Выбрать главу

Так его синтез кончается в сущности уничтожением Бога как Бога, и ре­лигиозной жизни человека как жизни подлинно религиозной. Снова звучат в душе две одинаково сильные тоски: затопить Бога в себе и удержать Его, как вечную вершину на вечных горизонтах. В невозможности слить во­едино оба эти устремления — величайшее страдание человека; в этом стра­дании — последняя правда его религиозной жизни.

Жизнь и творчество

Глава первая. Историческое исследование понятий жизни и творчества

При всем разнообразии философских направлений современности, фи­лософия последнего полувека представляется нам все же отмеченной совер­шенно определенным единством. Историческим корнем этого единства яв­ляется, по нашему мнению, новое и творческое углубление в Канта; знаменитое «zuruck zu Kant» Отто Либмана.

Конечно, система Канта насквозь взволнована самыми разнообразными течениями, пронизана противоречиями; этими противоречиями еще долго будет питаться как развитие кантианских школ, так и борьба врагов системы Канта с ее защитниками и продолжателями.

Но, несмотря на безусловную справедливость сказанного, все же не­трудно указать на ту мысль критицизма, которая составляет его характер­нейшую историческую заслугу и основную систематическую сущность.

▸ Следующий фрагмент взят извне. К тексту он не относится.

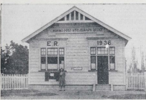
AT TIROHIKO.—The new material and post office.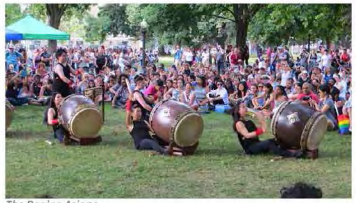
The Raging Asians Dyke March, Allan Gardens

Allan Gardens has long served as a venue for important cultural activities, a locus of activism and civic engagement, and a site for ceremonial and sacred uses. Reflecting this social history, page 10 lists some of the significant events that have occurred, and in some cases continue to take place, in the Gardens. As Allan Gardens is revitalized, programs for existing and additional cultural uses and ceremonies (involving for example dance, fire, smudging, music, drumming, and storytelling) should be encouraged and supported. Opportunity 3.3 proposes enhancement of spaces to accommodate these and other programs in the Gardens.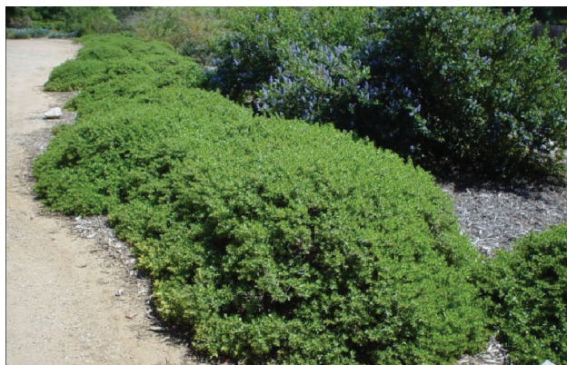
Baccharis pilularis 'Twin Peaks #2' Twin Peaks #2 Ground Cover Baccharis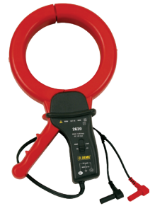
LEAKAGE CURRENT PROBE MODEL 2620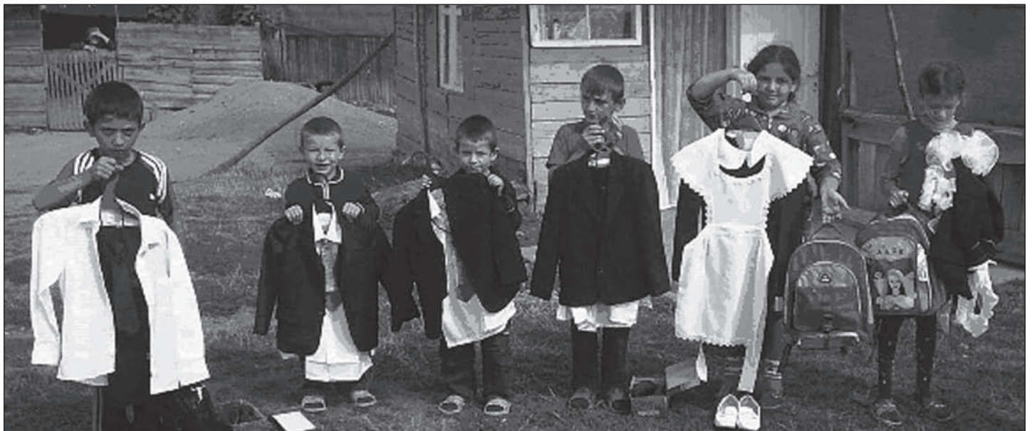
Chechen internally displaced children in Ali-Yurt, Ingushetia, hold up their school uniforms.

When asked whether girls’ education was valued by society, one woman thought that unfortunately it was not, but that Diaspora communities were “gradually coming to understand that girls’ education is essential”. In contrast, the second woman felt that only a few “backward” families still thought that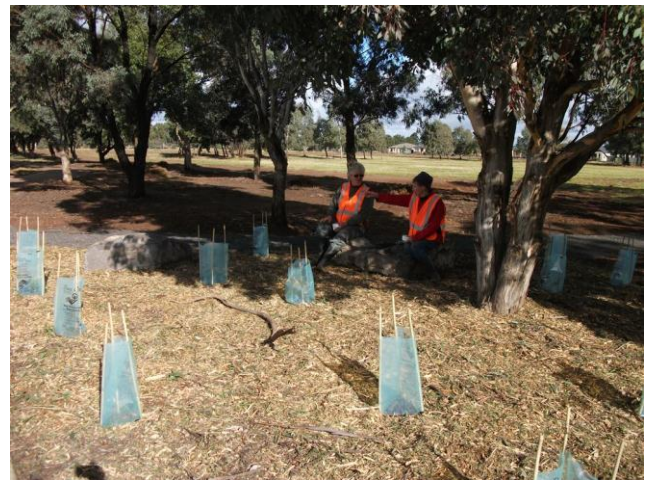
FMBG members enjoying a break on the ACRP rocks

It is looking good along the paths and you can sit on the rocks from the Anthonys Cutting Realignment Project (ACRP). By the way the ACRP is going to place a plaque on the rocks to indicate their contribution to arboretum.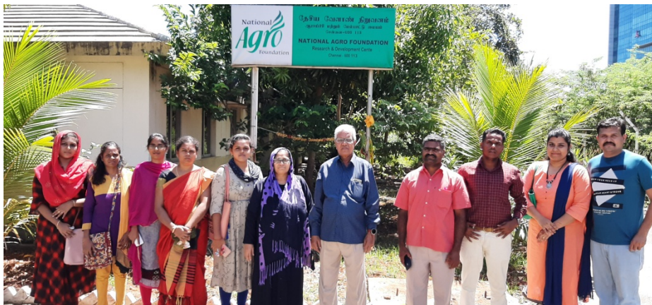
Induction Programme at LSC-25219 National Agro Foundation, Taramani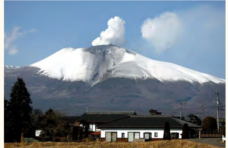
Mt Asama 2009 volcanic eruption

http://www.zimbio.com/pictures/4oNQpWx0EIS/Mt+Asama+Erupts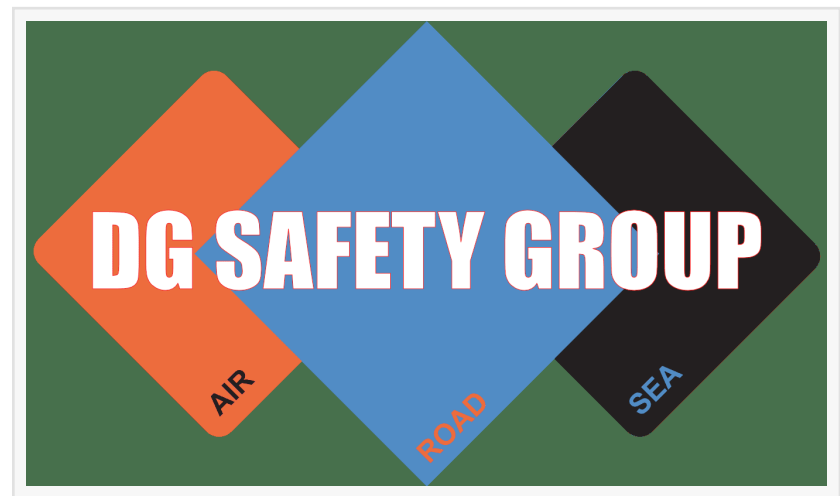
Dangerous Goods Safety Group

Since 31st December 2022, businesses involved in the consignment, transport, packing, or unpacking of dangerous goods must have an appointed Dangerous Goods Safety Advisor (DGSA) to ensure compliance with regulatory requirements. This legal mandate is designed to enhance safety, reduce environmental risks, and uphold best practices in hazardous materials handling. Companies

Основная разница между докантовской философией и новою филосо­фией, навсегда определённою критической мыслью Канта, заключается в том, что вся докантовская философия определяла абсолютный предмет по­знания как некую, по отношению к познающему субъекту, трансцендент­ную реальность. Критика же чистого разума определила этот абсолютный предмет как имманентную познающему субъекту систему объективно трансцендентальных принципов. Такое превращение абсолютного как пра­вомерно искомого человеческой мысли из начала трансцендентного в нача­ло трансцендентальности означало, прежде всего, решительное избавление абсолюта из его положения потустороннего, наджизненного одиночества и утверждение его как основного структурного элемента живой культурной работы. Таким образом, разница между докантовской философией и философией Канта заключается отнюдь не в том, что первая стремилась к позна­нию абсолюта, вторая же отказалась от этого стремления, ограничась позна­нием относительной сферы явлений. От стремления познать абсолютное Кант никогда не думал отказываться. Такой отказ был бы равносилен злей­шей измене всему делу философии. Весь скептицизм Канта заключается только в том, что он решительно отклонил попытку догматизма узреть абсо­лютное в образе стоящего высоко над землею солнца. Он действительно переложил горизонт философии так, что солнце абсолютного осталось за её горизонтом. Но этот закат абсолютного отнюдь не приводит теорию позна­ния Канта к бессильному отказу от подлинного знания. Не приводит потому, что как зашедшее солнце остаётся в вечернем мире, одевая все предметы светом и тенью, а тем самым и формой, так и покоящееся за горизонтом познаваемости абсолютное Канта одевает все предметы духовного космоса — научные суждения, художественные произведения, религиозные символы и жизнь — своими оформляющими отсветами, т.е. их трансцендентально-предметными формами.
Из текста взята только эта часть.